[Dataset — start]
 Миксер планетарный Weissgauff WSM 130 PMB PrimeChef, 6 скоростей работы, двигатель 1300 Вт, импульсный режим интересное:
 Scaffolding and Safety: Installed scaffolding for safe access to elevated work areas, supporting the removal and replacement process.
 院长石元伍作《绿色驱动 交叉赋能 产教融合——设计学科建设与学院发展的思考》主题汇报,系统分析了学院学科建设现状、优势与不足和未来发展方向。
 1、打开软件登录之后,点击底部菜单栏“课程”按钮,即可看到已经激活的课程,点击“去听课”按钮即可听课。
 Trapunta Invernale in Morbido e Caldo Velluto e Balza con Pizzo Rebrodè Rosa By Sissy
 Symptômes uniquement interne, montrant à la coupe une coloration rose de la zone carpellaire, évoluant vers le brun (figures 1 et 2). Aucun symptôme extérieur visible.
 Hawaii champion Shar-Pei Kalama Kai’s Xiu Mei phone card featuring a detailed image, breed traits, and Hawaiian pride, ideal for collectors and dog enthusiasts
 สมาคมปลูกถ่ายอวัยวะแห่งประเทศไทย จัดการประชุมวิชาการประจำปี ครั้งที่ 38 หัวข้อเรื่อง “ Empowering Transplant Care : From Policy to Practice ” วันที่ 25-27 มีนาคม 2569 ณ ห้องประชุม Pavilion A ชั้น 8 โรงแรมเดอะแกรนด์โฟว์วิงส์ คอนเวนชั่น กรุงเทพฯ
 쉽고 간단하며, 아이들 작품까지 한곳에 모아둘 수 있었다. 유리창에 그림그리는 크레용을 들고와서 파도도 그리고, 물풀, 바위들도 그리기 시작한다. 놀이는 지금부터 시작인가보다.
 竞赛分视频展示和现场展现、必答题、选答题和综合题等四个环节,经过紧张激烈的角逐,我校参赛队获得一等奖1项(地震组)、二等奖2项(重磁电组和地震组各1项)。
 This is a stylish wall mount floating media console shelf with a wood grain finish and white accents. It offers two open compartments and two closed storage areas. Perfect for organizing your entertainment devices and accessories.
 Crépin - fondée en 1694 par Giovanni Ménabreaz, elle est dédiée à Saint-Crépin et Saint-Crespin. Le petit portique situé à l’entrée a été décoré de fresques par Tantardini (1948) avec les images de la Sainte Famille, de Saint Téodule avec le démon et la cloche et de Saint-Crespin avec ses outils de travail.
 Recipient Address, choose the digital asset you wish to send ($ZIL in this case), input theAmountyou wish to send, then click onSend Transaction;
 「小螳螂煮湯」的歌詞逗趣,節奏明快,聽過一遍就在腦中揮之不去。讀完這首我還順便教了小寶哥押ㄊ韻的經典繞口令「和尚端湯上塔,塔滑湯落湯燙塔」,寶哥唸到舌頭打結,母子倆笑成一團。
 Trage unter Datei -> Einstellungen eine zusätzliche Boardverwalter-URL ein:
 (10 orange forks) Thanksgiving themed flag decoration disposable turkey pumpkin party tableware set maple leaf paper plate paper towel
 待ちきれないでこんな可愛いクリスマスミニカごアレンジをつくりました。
[Dataset — finish]
▶ Directions: Copy every line above in which the string "areas" shows up.

▶ Task response:
 Scaffolding and Safety: Installed scaffolding for safe access to elevated work areas, supporting the removal and replacement process.
 This is a stylish wall mount floating media console shelf with a wood grain finish and white accents. It offers two open compartments and two closed storage areas. Perfect for organizing your entertainment devices and accessories.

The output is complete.